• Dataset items
*****
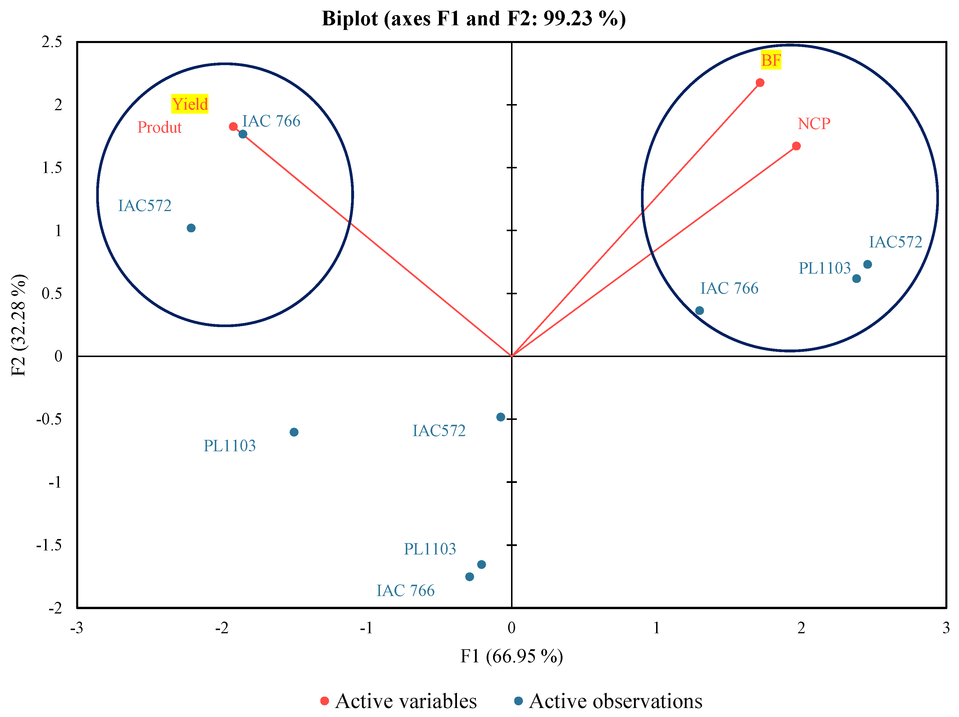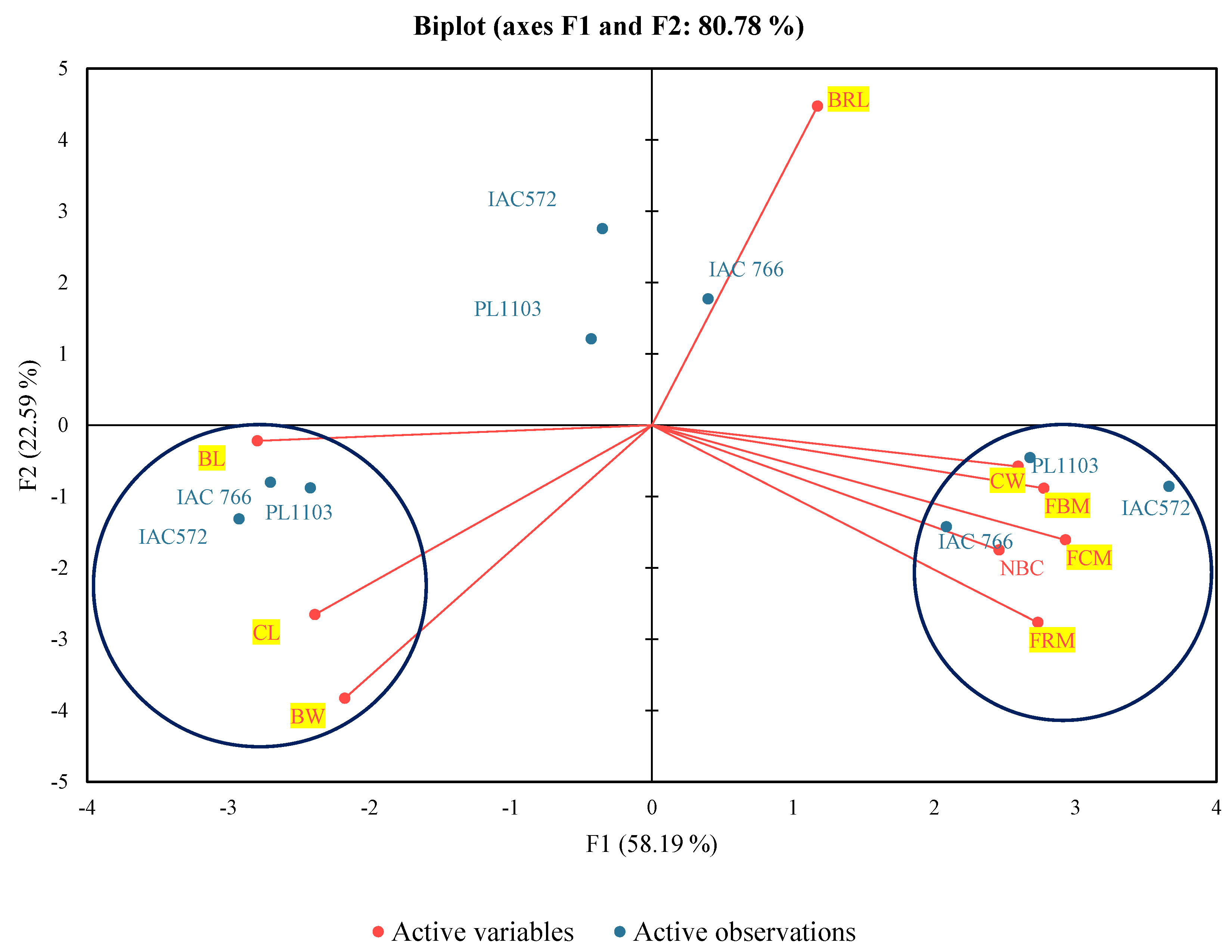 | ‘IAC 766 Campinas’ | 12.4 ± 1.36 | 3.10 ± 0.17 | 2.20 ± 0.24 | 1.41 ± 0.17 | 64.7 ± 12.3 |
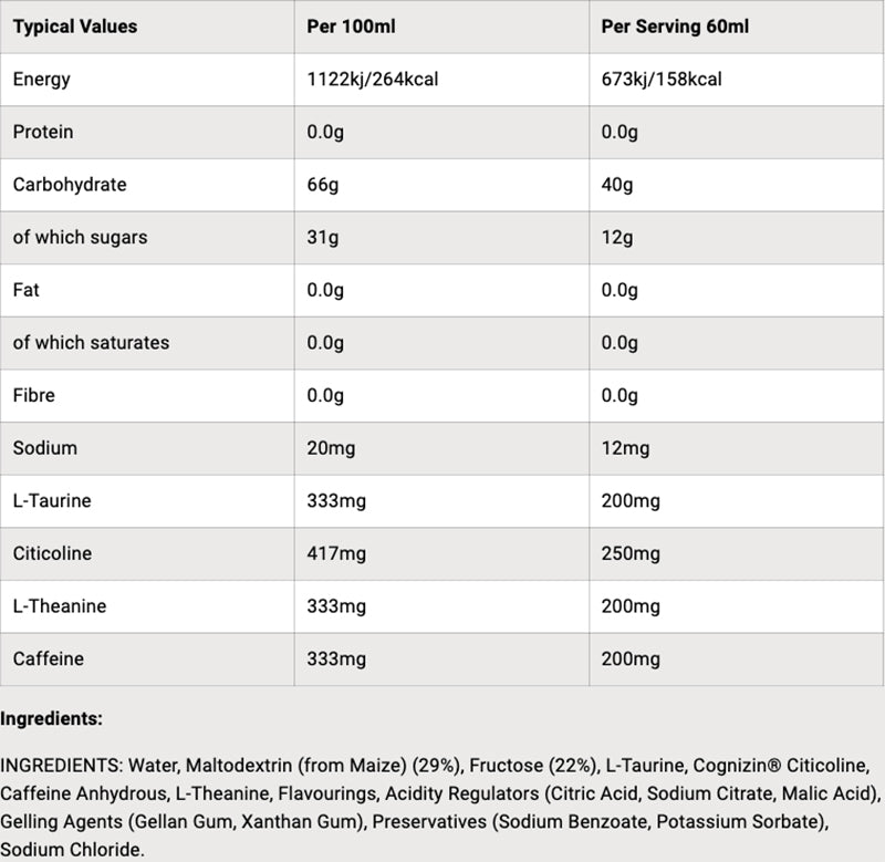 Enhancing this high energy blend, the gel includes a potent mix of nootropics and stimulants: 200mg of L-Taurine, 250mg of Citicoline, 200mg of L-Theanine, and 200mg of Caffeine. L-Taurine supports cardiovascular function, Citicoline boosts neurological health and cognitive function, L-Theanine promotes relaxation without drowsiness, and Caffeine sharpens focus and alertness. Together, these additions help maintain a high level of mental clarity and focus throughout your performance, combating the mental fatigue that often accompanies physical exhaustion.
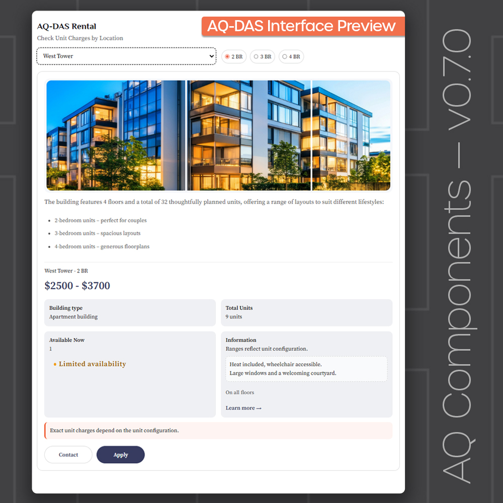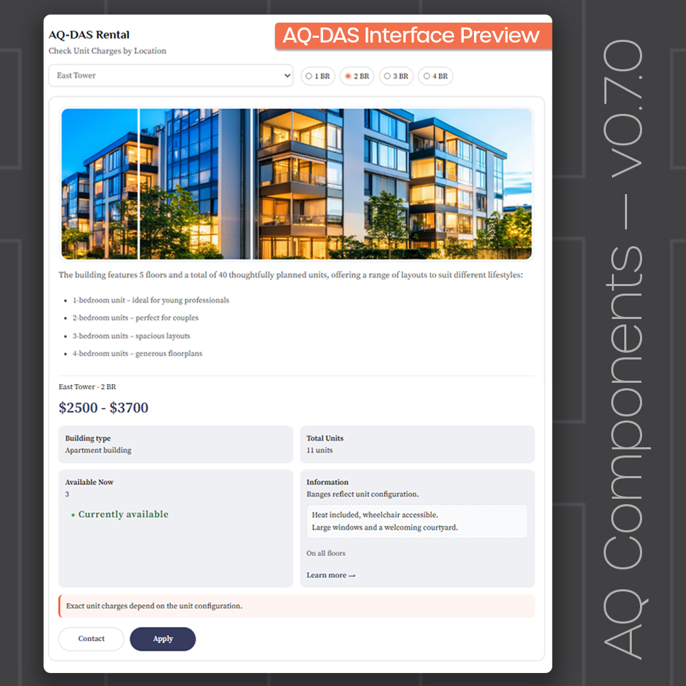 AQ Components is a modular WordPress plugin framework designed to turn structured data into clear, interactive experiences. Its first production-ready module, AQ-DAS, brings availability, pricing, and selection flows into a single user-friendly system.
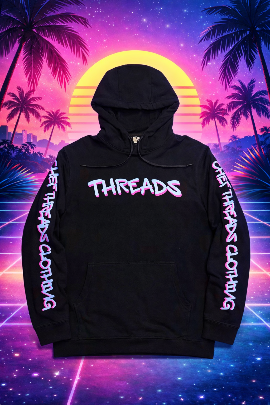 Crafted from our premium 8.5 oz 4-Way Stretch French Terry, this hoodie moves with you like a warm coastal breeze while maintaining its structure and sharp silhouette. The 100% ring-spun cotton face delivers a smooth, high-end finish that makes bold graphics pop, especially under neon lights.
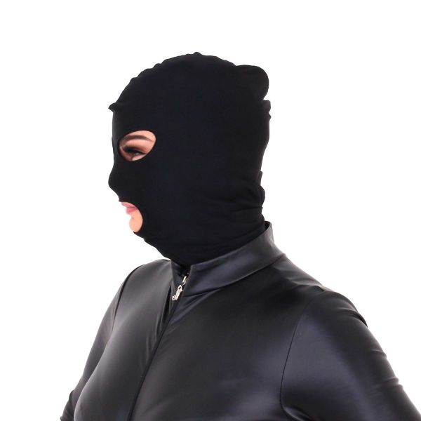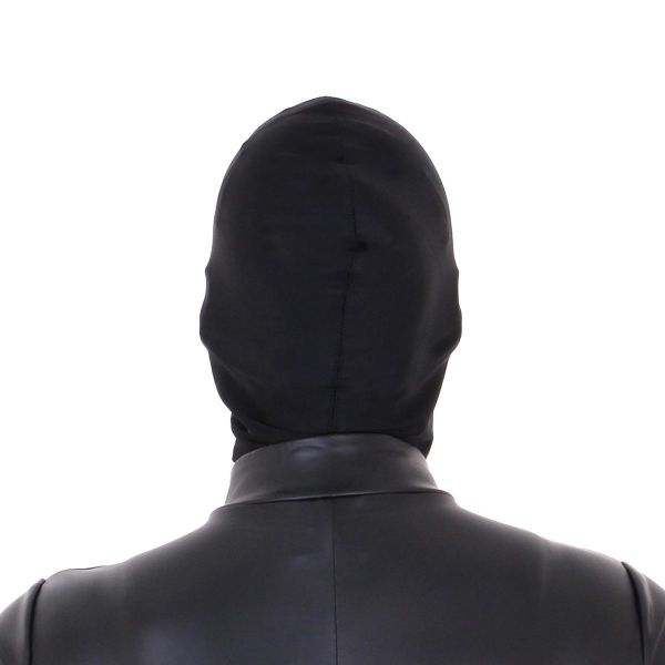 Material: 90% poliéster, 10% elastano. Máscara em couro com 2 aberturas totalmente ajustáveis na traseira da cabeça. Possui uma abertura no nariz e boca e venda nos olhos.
*****
• What you will do
Final task for the records above: print exactly the lines from the one that contains "AQ Components is" through the last line, both ends included, pictures excluded.

• Solution below
 AQ Components is a modular WordPress plugin framework designed to turn structured data into clear, interactive experiences. Its first production-ready module, AQ-DAS, brings availability, pricing, and selection flows into a single user-friendly system.
 Crafted from our premium 8.5 oz 4-Way Stretch French Terry, this hoodie moves with you like a warm coastal breeze while maintaining its structure and sharp silhouette. The 100% ring-spun cotton face delivers a smooth, high-end finish that makes bold graphics pop, especially under neon lights.
 Material: 90% poliéster, 10% elastano. Máscara em couro com 2 aberturas totalmente ajustáveis na traseira da cabeça. Possui uma abertura no nariz e boca e venda nos olhos.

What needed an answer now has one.